* THE TASK
Only one stretch of the data below is needed. Output the lines from the one with "To delete the" up to and including the one with "Looking for an", exactly as they stand.

* RECORDS FOR THE EXERCISE
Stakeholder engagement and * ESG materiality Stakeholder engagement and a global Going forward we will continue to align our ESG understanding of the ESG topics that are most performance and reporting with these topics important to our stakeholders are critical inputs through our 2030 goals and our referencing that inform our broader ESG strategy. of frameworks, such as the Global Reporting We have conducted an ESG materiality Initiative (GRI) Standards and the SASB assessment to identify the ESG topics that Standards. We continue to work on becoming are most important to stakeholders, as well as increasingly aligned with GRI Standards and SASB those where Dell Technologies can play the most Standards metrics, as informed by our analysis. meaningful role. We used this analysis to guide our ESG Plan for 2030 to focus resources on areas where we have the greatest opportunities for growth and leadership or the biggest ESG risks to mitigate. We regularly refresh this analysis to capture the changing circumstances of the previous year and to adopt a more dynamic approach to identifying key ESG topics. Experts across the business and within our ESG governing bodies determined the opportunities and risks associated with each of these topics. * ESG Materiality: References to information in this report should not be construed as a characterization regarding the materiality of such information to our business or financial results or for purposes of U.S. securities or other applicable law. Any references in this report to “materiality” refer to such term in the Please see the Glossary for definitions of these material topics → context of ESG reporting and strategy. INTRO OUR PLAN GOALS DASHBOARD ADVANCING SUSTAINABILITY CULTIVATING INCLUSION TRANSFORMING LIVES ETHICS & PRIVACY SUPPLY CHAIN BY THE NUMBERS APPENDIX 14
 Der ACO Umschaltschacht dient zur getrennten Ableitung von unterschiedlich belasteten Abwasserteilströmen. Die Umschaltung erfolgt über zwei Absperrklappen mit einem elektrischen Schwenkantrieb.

---

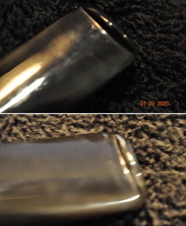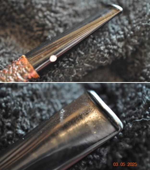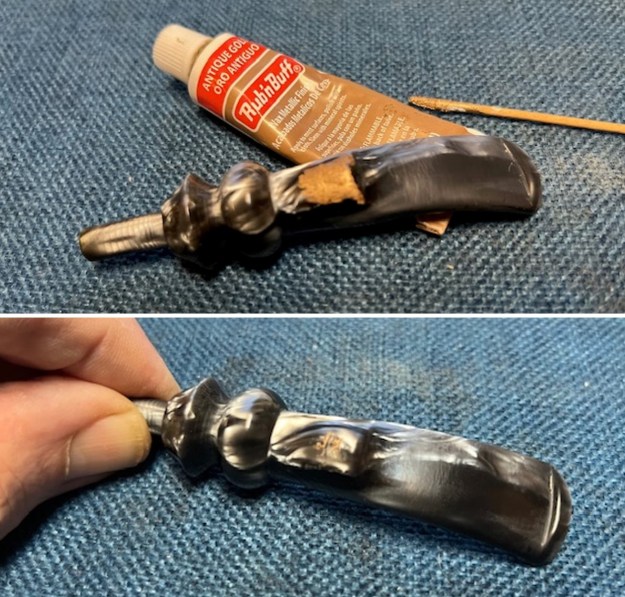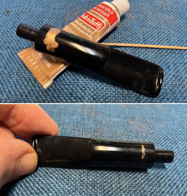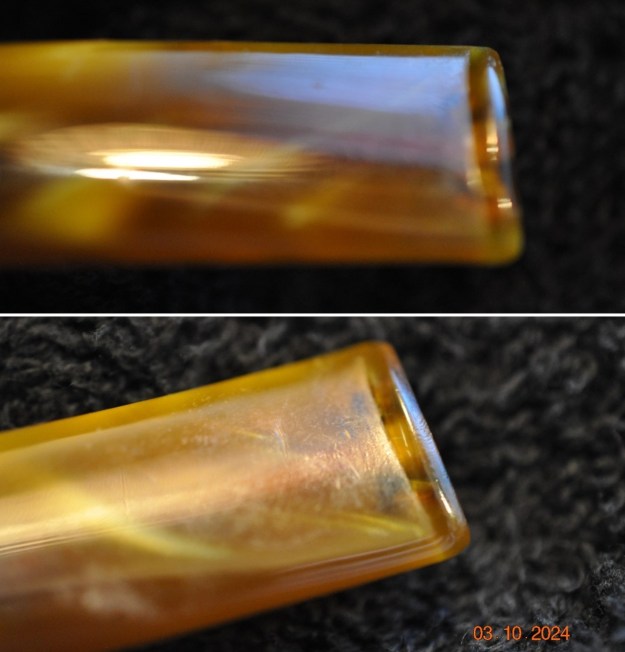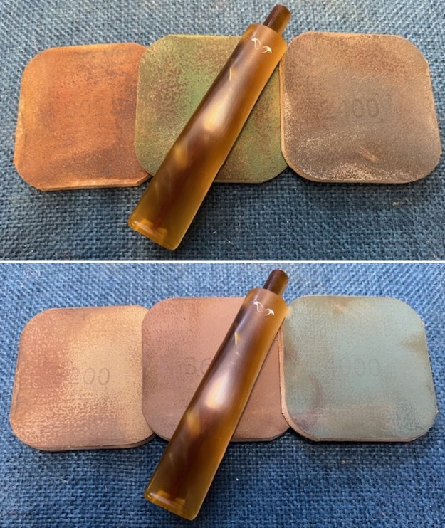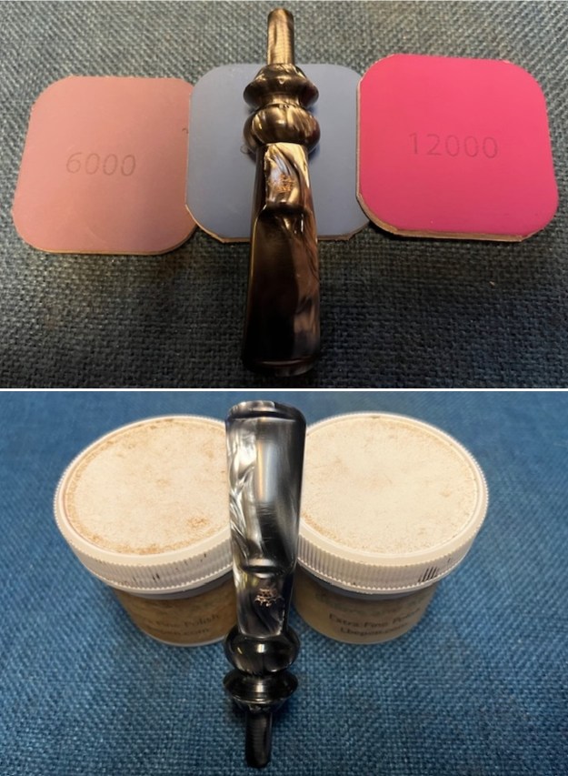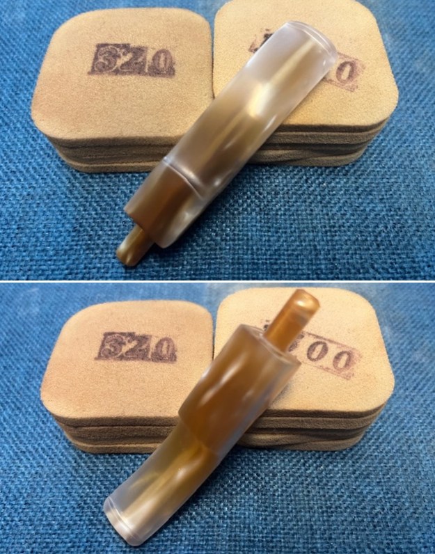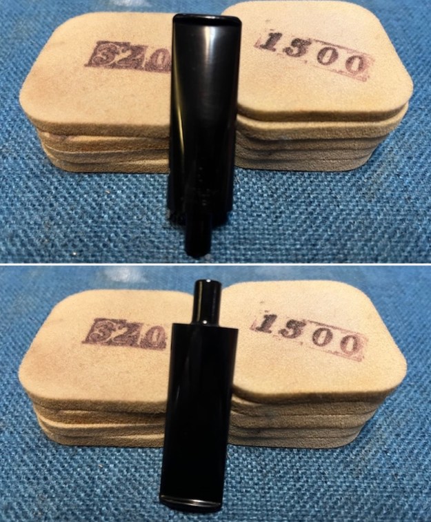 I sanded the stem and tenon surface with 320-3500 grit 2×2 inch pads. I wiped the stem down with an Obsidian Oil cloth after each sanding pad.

...

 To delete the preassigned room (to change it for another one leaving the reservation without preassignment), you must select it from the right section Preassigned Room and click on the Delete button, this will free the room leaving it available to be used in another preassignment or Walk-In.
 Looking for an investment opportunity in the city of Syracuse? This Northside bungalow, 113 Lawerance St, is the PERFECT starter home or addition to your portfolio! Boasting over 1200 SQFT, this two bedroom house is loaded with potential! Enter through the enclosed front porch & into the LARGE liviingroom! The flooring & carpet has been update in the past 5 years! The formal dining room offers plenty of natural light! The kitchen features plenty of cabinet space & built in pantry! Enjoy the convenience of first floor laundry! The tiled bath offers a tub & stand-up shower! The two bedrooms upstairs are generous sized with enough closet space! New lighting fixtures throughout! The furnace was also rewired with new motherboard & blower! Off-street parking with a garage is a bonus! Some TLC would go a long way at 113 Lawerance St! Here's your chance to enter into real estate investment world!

* EXPECTED ANSWER
 To delete the preassigned room (to change it for another one leaving the reservation without preassignment), you must select it from the right section Preassigned Room and click on the Delete button, this will free the room leaving it available to be used in another preassignment or Walk-In.
 Looking for an investment opportunity in the city of Syracuse? This Northside bungalow, 113 Lawerance St, is the PERFECT starter home or addition to your portfolio! Boasting over 1200 SQFT, this two bedroom house is loaded with potential! Enter through the enclosed front porch & into the LARGE liviingroom! The flooring & carpet has been update in the past 5 years! The formal dining room offers plenty of natural light! The kitchen features plenty of cabinet space & built in pantry! Enjoy the convenience of first floor laundry! The tiled bath offers a tub & stand-up shower! The two bedrooms upstairs are generous sized with enough closet space! New lighting fixtures throughout! The furnace was also rewired with new motherboard & blower! Off-street parking with a garage is a bonus! Some TLC would go a long way at 113 Lawerance St! Here's your chance to enter into real estate investment world!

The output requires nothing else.